**What is required:**
Select all lines holding the word "your" from the entries that follow.

(Excerpted data)

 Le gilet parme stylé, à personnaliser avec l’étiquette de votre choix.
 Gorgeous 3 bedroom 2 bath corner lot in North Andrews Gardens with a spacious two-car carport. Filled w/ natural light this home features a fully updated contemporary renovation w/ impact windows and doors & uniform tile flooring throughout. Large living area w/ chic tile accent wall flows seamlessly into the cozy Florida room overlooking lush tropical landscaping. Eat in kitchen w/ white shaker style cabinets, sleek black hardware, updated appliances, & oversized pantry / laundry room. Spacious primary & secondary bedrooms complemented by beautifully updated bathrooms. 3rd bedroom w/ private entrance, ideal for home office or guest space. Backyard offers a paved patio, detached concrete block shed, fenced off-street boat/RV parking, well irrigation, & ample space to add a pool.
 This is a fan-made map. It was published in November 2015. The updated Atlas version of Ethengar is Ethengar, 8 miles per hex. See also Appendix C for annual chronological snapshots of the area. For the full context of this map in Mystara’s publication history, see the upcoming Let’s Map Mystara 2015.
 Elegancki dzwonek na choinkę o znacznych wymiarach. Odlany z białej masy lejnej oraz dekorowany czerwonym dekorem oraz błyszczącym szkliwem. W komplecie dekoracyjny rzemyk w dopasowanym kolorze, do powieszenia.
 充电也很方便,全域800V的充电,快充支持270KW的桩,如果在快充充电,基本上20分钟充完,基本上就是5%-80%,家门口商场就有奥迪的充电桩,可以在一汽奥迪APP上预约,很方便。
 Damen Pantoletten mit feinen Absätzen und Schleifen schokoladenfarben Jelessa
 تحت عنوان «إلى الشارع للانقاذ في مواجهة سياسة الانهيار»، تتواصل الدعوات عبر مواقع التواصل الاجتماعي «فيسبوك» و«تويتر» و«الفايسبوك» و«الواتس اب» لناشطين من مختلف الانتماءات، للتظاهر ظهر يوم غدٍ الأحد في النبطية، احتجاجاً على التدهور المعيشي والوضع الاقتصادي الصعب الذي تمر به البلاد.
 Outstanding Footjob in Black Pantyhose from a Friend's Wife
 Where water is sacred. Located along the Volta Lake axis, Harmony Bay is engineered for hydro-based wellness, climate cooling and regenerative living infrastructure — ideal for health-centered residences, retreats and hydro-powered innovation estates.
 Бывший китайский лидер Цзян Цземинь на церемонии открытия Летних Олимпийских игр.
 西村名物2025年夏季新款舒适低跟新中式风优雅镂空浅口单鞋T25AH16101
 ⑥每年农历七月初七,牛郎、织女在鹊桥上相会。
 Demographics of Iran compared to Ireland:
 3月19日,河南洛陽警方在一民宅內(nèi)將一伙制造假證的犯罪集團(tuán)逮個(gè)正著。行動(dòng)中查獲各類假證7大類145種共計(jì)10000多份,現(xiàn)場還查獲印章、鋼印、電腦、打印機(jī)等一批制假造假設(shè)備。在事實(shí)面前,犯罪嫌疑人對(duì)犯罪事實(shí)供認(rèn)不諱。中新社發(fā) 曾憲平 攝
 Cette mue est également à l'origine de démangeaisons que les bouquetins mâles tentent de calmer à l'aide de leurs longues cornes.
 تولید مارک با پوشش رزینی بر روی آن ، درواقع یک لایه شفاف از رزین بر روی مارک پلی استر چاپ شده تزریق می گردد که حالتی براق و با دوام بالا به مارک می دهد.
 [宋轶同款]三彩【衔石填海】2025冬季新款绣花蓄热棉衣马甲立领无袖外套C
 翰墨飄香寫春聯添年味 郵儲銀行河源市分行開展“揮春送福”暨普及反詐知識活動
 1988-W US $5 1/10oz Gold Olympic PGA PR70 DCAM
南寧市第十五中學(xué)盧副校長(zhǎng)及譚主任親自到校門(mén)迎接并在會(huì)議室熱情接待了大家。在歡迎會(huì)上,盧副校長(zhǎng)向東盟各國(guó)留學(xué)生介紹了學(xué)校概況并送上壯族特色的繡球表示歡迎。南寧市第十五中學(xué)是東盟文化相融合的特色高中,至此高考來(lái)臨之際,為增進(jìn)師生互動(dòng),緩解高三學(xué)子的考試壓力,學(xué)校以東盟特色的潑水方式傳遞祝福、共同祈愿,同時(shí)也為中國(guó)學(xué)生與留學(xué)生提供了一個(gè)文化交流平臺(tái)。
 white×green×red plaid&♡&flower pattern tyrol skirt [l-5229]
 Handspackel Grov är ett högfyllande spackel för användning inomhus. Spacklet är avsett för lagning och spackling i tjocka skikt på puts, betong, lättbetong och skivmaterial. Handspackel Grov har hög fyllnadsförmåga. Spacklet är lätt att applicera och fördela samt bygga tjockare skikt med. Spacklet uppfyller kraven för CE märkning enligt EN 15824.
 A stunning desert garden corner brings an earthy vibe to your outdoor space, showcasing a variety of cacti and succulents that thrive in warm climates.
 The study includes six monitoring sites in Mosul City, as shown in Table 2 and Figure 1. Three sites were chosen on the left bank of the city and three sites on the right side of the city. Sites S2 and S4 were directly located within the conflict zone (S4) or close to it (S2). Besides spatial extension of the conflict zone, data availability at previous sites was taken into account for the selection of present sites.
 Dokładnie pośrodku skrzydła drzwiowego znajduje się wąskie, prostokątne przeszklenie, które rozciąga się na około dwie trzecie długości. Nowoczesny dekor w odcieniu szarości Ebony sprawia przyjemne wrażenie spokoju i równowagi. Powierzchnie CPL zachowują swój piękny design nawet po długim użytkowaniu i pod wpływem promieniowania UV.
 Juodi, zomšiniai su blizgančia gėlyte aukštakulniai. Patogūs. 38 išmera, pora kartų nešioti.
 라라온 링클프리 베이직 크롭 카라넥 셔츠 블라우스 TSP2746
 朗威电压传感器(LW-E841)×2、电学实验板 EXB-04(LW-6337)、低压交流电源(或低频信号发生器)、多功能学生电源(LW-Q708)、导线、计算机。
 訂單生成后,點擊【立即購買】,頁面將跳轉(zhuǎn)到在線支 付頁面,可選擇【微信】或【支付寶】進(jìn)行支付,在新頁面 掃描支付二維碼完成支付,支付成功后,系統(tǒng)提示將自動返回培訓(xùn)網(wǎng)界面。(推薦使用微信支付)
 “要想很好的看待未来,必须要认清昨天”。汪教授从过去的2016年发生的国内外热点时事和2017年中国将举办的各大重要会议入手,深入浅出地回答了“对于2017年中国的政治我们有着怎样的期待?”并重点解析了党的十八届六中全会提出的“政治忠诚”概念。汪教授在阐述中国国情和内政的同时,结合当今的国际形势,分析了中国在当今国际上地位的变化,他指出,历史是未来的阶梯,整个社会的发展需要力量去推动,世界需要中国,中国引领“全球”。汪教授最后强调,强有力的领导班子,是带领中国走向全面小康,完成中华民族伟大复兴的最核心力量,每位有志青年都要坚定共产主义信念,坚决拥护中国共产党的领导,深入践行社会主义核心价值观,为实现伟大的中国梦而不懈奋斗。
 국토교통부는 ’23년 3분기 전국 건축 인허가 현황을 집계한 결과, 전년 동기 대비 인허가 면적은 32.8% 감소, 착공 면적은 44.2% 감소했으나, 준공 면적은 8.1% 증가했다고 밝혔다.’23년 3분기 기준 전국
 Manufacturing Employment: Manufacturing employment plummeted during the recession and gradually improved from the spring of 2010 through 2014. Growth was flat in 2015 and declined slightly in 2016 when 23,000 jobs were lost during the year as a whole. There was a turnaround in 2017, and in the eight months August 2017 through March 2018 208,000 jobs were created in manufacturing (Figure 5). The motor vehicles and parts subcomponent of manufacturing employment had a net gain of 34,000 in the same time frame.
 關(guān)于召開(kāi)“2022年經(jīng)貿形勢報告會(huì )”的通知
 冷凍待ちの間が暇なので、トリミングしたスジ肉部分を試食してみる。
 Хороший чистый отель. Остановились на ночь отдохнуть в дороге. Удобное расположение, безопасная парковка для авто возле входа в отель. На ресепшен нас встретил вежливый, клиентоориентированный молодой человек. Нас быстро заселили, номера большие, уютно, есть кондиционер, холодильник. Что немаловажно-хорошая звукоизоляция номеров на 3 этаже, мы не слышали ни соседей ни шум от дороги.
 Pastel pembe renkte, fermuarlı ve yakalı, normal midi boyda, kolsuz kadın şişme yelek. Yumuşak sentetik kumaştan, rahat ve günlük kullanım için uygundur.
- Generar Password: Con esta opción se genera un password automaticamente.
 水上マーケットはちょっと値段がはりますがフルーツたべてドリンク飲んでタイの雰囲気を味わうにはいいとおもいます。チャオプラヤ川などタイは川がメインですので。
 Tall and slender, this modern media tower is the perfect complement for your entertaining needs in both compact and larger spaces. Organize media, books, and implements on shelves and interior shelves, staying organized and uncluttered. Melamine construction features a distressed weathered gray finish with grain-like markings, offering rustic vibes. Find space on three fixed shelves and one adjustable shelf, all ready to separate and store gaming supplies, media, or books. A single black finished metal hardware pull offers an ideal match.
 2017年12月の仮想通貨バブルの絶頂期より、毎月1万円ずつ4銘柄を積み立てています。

(End Excerpted data)

**Reply to the exercise:**
 A stunning desert garden corner brings an earthy vibe to your outdoor space, showcasing a variety of cacti and succulents that thrive in warm climates.
 Tall and slender, this modern media tower is the perfect complement for your entertaining needs in both compact and larger spaces. Organize media, books, and implements on shelves and interior shelves, staying organized and uncluttered. Melamine construction features a distressed weathered gray finish with grain-like markings, offering rustic vibes. Find space on three fixed shelves and one adjustable shelf, all ready to separate and store gaming supplies, media, or books. A single black finished metal hardware pull offers an ideal match.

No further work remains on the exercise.